By: florian (florian) 2005-01-06 09:00:40.000-0600

I totally agree with you on the fact that it should never end up there with a null pointer, but it actually does. I am not sure exactly when this happens, but it does happen, pretty often (approx once a day on a busy pbx). It seems to be related to the MGCP transfer in some way, but it's hard to get a hold of. In the meantime I would like to understand why exactly it would be bad to add two lines of sanity check that prevents the entire pbx from crashing (or does it cause an unexpected effect I did not foresee ?)

By: Andrey S Pankov (casper) 2005-01-06 09:09:30.000-0600

You see... the policy... this is the current policy... I'm about 100% sure markster will not approve such a change.

And again, can you confirm this is reproducible with latest stable v1-0 codebase? If yes, can you please attach (not inline) an updated backtrace here? Thanks!

edited on: 01-06-05 09:11

By: florian (florian) 2005-01-06 09:41:37.000-0600

I already said I don't consider this a proper bugfix. I am however concerned about production systems that suffer from this issue. Therefore I am now putting this fix in systems in the expectance that it will at least no longer drop dead. In the meantime, no I am not able to reproduce the crash on demand, so I cannot verify what it does or doesn't do. This is exactly why I had the ticked closed a while ago.

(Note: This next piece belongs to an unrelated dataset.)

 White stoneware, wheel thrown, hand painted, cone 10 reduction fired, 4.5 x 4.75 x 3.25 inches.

Having said that, I reopened the ticket because I wanted feedback on this 'hack' I've come up with, and I noticed other people had the same crash (Thomas Dingermann posted it on the mailinglist a while ago). Hopefully we can find more people seeing this issue and actually figure out what is happening and what the proper bugfix is...

By: Andrey S Pankov (casper) 2005-01-06 09:51:58.000-0600

The "proper bugfix" is locking improvements made in HEAD. But there are still several issues not resolved yet there. Does this happen with HEAD?

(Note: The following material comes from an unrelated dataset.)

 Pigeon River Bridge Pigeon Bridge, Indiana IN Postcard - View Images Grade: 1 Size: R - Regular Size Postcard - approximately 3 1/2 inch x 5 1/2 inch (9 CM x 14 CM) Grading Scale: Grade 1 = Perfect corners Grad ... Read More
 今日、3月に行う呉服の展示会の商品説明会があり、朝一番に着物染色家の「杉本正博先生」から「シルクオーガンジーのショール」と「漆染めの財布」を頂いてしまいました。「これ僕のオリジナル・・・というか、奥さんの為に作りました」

By: dsandras (dsandras) 2005-01-07 09:58:03.000-0600

Klaus-Peter redirected me to that bug report and I can say that I have encountered it several times too. I'm using 1.0.3, with only SIP and ZAP, and sometimes the RTP frame is NULL. There is no transfer involved in my case.

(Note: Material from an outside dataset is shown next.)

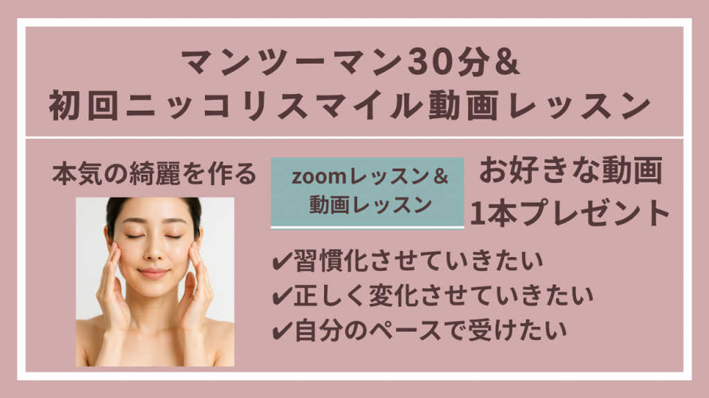 初回限定🎁初めての方向け30分マンツーマンレッスン➕ニッコリスマイル動画レッスン➕お好きな動画レッスンのセットになります。 ※日程はマンツーマンレッスン30分からお選びください フェイシャルヨガが初めての方向けの、30分のマンツーマンレッスン付きの、レッスンになります。 初めにニッコリスマイルの動画レッスンをお送りいたしますので、お時間のございます時に動画を見て頂き、マンツーマンレッスンの時に直接アドバイスさせて頂きます。 🎁その後お好きな動画レッスン1本を、プレゼントさせて頂きます。 1️⃣ニッコリスマイル動画レッスン 2️⃣マンツーマンレッスン30分 3️⃣お好きな動画レッスン ⸻ ◆ レッスンの内容 この動画レッスンでは、表情筋トレーニングの基本から丁寧にお伝えします。 初めての方でも安心してご覧いただける構成です。 ⸻ ◆ こんなことを学べます ✅ なぜ自己流トレーニングでは効果が出にくいのか? ✅ 本当に効果を出すためのトレーニング法 ✅ 表情筋の構造や働きについて ✅ まずどこから始めるのが最も効果的なのか? など ⸻ ◆ 特典 ・当日のレッスン動画(数ヶ月間視聴可能) ・さらに、見本動画、お好きな動画も別途プレゼント! → お好きな時間に繰り返し練習できます。 ⸻ ◆ ご予約方法 ご予約後は、公式LINEにて以下をお知らせください: ・お名前(フルネーム) ・ご予約されたレッスン名 → 確認後、詳細をお送りいたします。 ※ご連絡頂けない場合、自動的にキャンセルとさせて頂きます。 何卒ご了承お願いいたします。 ⸻ ◆ お支払い方法 ・銀行振込 ・PayPay ・PayPal

I can not use CVS, I must stay with stable, as many people with production systems.

Here is the bt :
#0  0x0808db36 in ast_rtp_read (rtp=0x0) at rtp.c:413
413 rtp.c: Aucun fichier ou répertoire de ce type.
in rtp.c
(gdb) bt full
#0  0x0808db36 in ast_rtp_read (rtp=0x0) at rtp.c:413
#2  0x40488969 in sip_read (ast=0x86ea2d0) at chan_sip.c:2234
#3  0x0805c38d in ast_read (chan=0x86ea2d0) at channel.c:1334
#4  0x0805fbc9 in ast_channel_bridge (c0=0x8722b58, c1=0x86ea2d0,
   config=0xbbbfabc4, fo=0xbbbfa334, rc=0xbbbfa338) at channel.c:2688
ASTERISK-1  0x4035cc95 in ast_bridge_call (chan=0x8722b58, peer=0x86ea2d0,
   config=0xbbbfabc4) at res_features.c:416
ASTERISK-2  0x40645b84 in dial_exec (chan=0x8722b58, data=0x50) at app_dial.c:1039
ASTERISK-3  0x080749cf in pbx_exec (c=0x8722b58, app=0x81ecf38, data=0xbbbfd0f4,
   newstack=1) at pbx.c:470
ASTERISK-4  0x0807cc53 in pbx_extension_helper (c=0x8722b58,
   context=0x8722cb0 "from-outgoing-lines", exten=0x8722da4 "6064",
   priority=6, callerid=0x8a024e8 "006664", action=135103199) at pbx.c:1278
ASTERISK-5  0x08076a38 in ast_pbx_run (c=0x8722b58) at pbx.c:1762
ASTERISK-6 0x4036cfc5 in ss_thread (data=0x8722b58) at chan_zap.c:4842

edited on: 01-07-05 10:03

By: Mark Spencer (markster) 2005-01-07 15:34:48.000-0600

This is not head, and there is no place which sets ->rtp = NULL.  Is this an unpatched asterisk?

By: dsandras (dsandras) 2005-01-07 15:44:38.000-0600

In my case, no, I forgot to mention it.

I don't know for Florian.

By: florian (florian) 2005-01-13 01:20:21.000-0600

We reverted to complete clean setups (although we require BRIstuff because of ISDN2 cards) and have not seen the issue since. Will report back as soon as possible. However since dsandras indicates this also can happen in some SIP scenario's with his machine, the issue is obviously in the wrong category. Bugmarshals should probably indicate wether they need this issue closed and a new issue opened, of if they can perhaps modify this one..

By: Russell Bryant (russell) 2005-01-18 20:36:10.000-0600

Since this doesn't appear to be an issue with unpatched code, I'm going to close this one for now.  Feel free to re-open if you feel that there is still an issue.